Phase 2 work was informed by by the Maintenance key finding.

From this insight, our team developed a plan to use mobile technology to teach anyone - regardless of experience - how to repair the system.

 
 

Phase 2:

DESIGN PROCESS + USER TESTING

 

V1 design:

Our target market is India but we also wanted to be familiar with China as we hope to eventually cover multiple emerging markets.

The initial concept pictured below won the Vodafone challenge and communicated the simple interface and the user stories we wanted to achieve:

  1. As a technician I need to know what is broken and what part I need to bring so that I can decide whether or not I am available.
  2. As a technician I need to know where the unit is so that I can find my way to the system that needs to be fixed.
  3. As a technician I need to know step by step what I need to do so that I can complete a successful repair.
  4. As a technician I need to confirm that the part I serviced is indeed repaired so that I can be confident that I have finished the task I needed to.

Guiding design constraints from research:

  • Data usage - Users in India are still fairly conservative with data usage for cost concerns.
  • Maps accuracy - Map navigation in India is challenging because digital mapping may not be complete and users may not be familiar with way finding from a top down perspective. In China, it is complicated and possibly illegal to show exact GPS coordinates that line up exactly with real world coordinates.
  • Language and regional differentiation - India has over 100 different regional languages. Companies like Indus are beginning to tackle this problem. In China it is also much more common to use voice messaging rather than a keyboard input.
 
 

V2 of design:

Once the project was fully funded we started to build mock-ups in Sketch and prioritized additional user stories.

User stories added:

  • As a technician I want to be sure that I am working on the correct part so that I have less of a chance of making a mistake. Why constrain information design to app alone since we were also designing the hardware? Could we design the real world UX to help users unfamiliar with the system be confident that they were servicing correct by using symbols?
  • As a technician I would like to have additional help if I do not understand what the instructions are saying so that I am sure I understand what is necessary for me to do.

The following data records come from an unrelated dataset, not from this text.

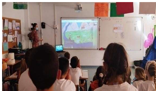
3º de Primaria mostrando los dibujos elaborados por ellos mismos para ilustrar la leyenda trabajada.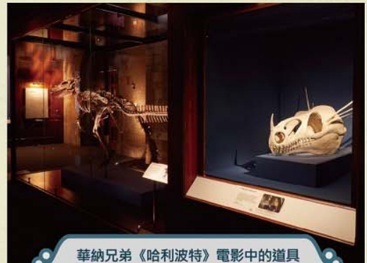
華納兄弟《哈利波特》電影中的道具與現實世界中的文物並陳展示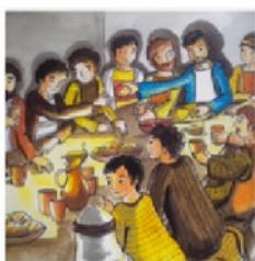
Het Laatste Avondmaal Witte Donderdag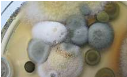
Havadan alınan örneklerden laboratuvarıda yetiştirilmiş küf mantarı kültürleri

Ancak bu yabancı madde ile temasın tekrarlanması halinde, vücutta nezle, hapşırık, gözlerde kızarıklık, ciltte kızarma ve kabarma gibi tipik alerjik sonuçlara yol açan, bir dizi tepkiler oluşabilir. İç mekanlarda küf mantarları nedeni ile ortaya çıkan sağlık sorunlarına dair belirtiler çeşitlidir. Bunların en sık görülenleri örneğin gözlerde, burun içinde ve boğazda yanma hissi ve öksürük, baş ağrısı veya yorgunluk halidir. Küf mantarlarının sebep olduğu enfeksiyonlar, çok ender olarak ve hastalıklar nedeni ile bünyesi zayıflamış veya aşırı hassas insanlarda görülebilir. Hem canlı, hem de ölü küf mantarları alerjilere veya tahrişlere sebebiyet verebilir. Ancak enfeksiyonlara sadece canlı küf mantarları yol açabilir.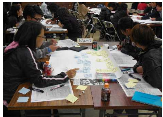
写真3 付箋紙を活用したグループワーク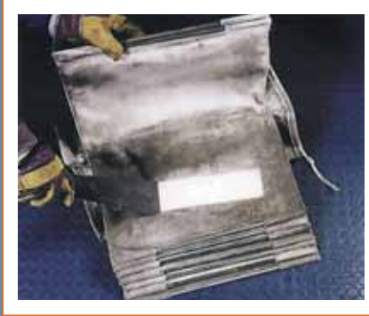
DULEVO-Taschenfilter mit 3 Jahren Garantie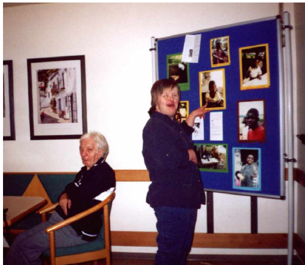
Fotoausstellung in den Baunataler Werkstätten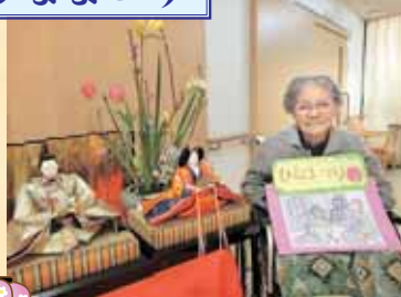
お雛様と一緒に ハイ・チーズ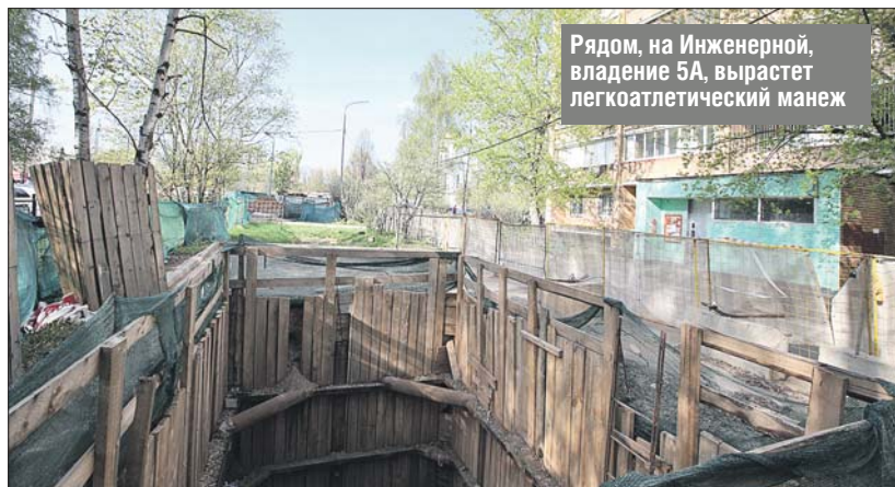
Рядом, на Инженерной, владение 5А, вырастет легкоатлетический манеж

Официальный адрес стройплощадки: ул. Инженерная, вл. 5А. Ордер на земляные работы выдан ОАТИ сроком до 30 июля 2019

Is it feasible to build in optional audio interaction to help with literacy challenges?
 
 

V2 Design's User Testing:

Seva_int_3.png

User testing: Coimbatore, India

Methodology:

On site testing with partners in Coimbatore, India - rough prototype in Invision.

participants: 3

Questions/Tasks:

1. Please set your language options.

2. How do users identify the correct part?

3. Can users complete a task flow?

 

 

V2 User Testing Insights:

  • The symbols were helpful but only after it was explained that they didn't mean anything in and of themselves.
  • Written language should be decoupled from audio in settings. One participant preferred English written and local language for audio.
  • Tools are best listed per step, not just at the beginning.
 
 

V3 of Design:

User stories added:

  • As a technician I need to be able to change the language preferences to reflect the regional dialect I understand so that I have the best chance of understanding all the information given.
  • As a technician I need to understand exactly what I am doing from a micro and macro point of view so that I can navigate the repair successfully.
 
 

V3 Design's User Testing:

Methodology:

Remote user testing with six total participants. We did initial testing via usertesting.com, but felt that users were too "trained" (we got too positive of responses). As an alternative, we instead sourced participants ourselves and completed testing using lookback.io

  • 3 participants with Usertesting.com
  • 3 participants with lookback.io

Questions/Tasks:

1. How would you describe this app to a friend?

2. Please navigate to step six.

3. What are the red shapes in the pictures?

4. Please change the language on the app to Hindi.

5. Please find the last repair completed.

V3 User Testing Insights:

  • 100% ability to navigate to non-sequential step.
  • 100% ability to change language.
  • Need better pictures - possibly more angles.
  • Need a way to change the way date is displayed per country.